Borbottai un "ma cosa cambia" e proseguii la mia missione molto marines. Finalmente toccai le mattonelle di terracotta del mio non molto verde giardino e in un momento fui dall'altra parte. Tutto quello che feci fu sdraiarmi davanti al buco, stanca di tutto. Voltai la testa e vidi la faccia del tipo al di là dello squarcio, leggermente inclinata, come quella di un gufo. Iniziò di nuovo a ridacchiare e quella volta non potei fare a meno di ridere anch'io, rotolando sul pavimento. Avrebbero dovuto filmarmi, una deficiente che striscia sulla terra bagnata, invadendo case altrui per intromettersi illegalmente nella propria. -E' così ridicolo- riuscii a dire alla fine, mentre cercavo di smettere di sghignazzare. 
Allargai le braccia e rimasi così, guardando il cielo grigio. -Dio.-  

Era la prima volta che ridevo così da una settimana. E per una cosa assurdamente stupida. 
Una mano con annesso braccio pieno di braccialetti spuntò dal buco. -Io sono Harry.- 
Mi rialzai e gliela strinsi. Era calda. Probabilmente lo feci rabbrividire. Le mie mani sono sempre gelide. -Belle.- Perchè presentarmi con il mio nome completo? Gli inglesi non lo sapevano mai dire correttamente, anche se Isabella è uno dei nomi italiani più usati all'estero. Semplicemente, in effetti, mi irritava la pronuncia, e dire solo "Belle" era diventata un'abitudine.

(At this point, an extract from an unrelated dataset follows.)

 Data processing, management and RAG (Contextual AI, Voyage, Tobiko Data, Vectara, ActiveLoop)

Lui mi sorrise, mostrando i denti bianchissimi e un paio di fossette. Come odiavo le fossette. Senza motivo, poi. Cercai di non sembrare irritata per una schiocchezza simile. -Bene, ragazzino.- Mi alzai in piedi, scollandomi la terra di dosso. -Grazie per avermi fatta passare.-  Gli dissi, muovendo la mano a mo' di saluto davanti al buco. 

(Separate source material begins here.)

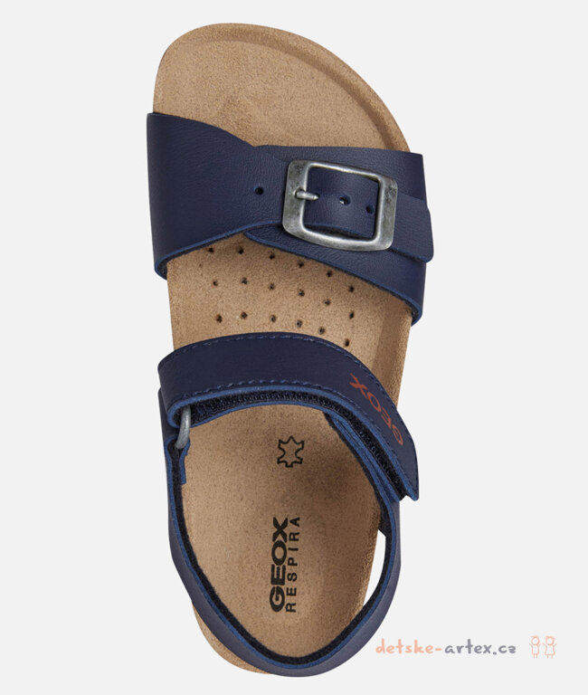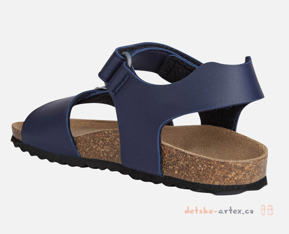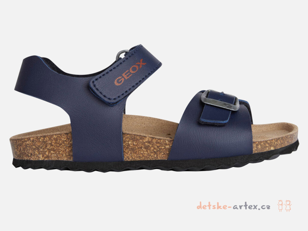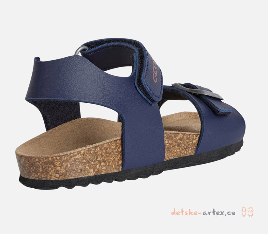 Dětské zdravotní sandály Geox tmavě modré s korkovou podešví a koženou stélkou pro maximální komfort a prodyšnost.

-E' stato un piacere.- Sorrideva ancora, si sentiva. Come faceva ad essere continuamente allegro?
-Ci si vede.- Gridai spalancando quella graziatamente non chiusa a chiave porta del retro. 

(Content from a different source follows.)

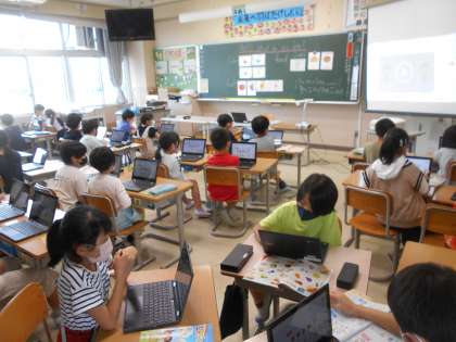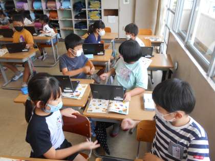 外国語活動の授業でクロムブックを使い、好きなフルーツや色、スポーツについて話し合いました。

Mi accolse il caldo termosifoni. Abbandonai la borsa e insieme ad essa gli appunti del corso di anatomia, e tutto quello che feci fu gettarmi sul divano. 
 
 



 
 
N.d.A.
Boh.
Che gran inizio di note, vero?
Caspita.
La verità è che sono piuttosto imbarazzata, non perché questa sia la mia prima pubblicazione su EFP (di fan fiction ne ho scritte parecchie, molte delle quali con account dimenticati e persi -argh!), piuttosto, la prima nel fandom dei One Direction. 
Mi farebbe, comunque, molto piacere sapere cosa ne pensate, anche con un commento di dieci lettere contate.
Sul serio, mi farebbe piacere.
Grazie, in ogni caso, per aver letto fino a qui.

_hush

*giusto per precisare: "Hide and Seek", il titolo della storia, in inglese è l'equivalente del nostro nascondino.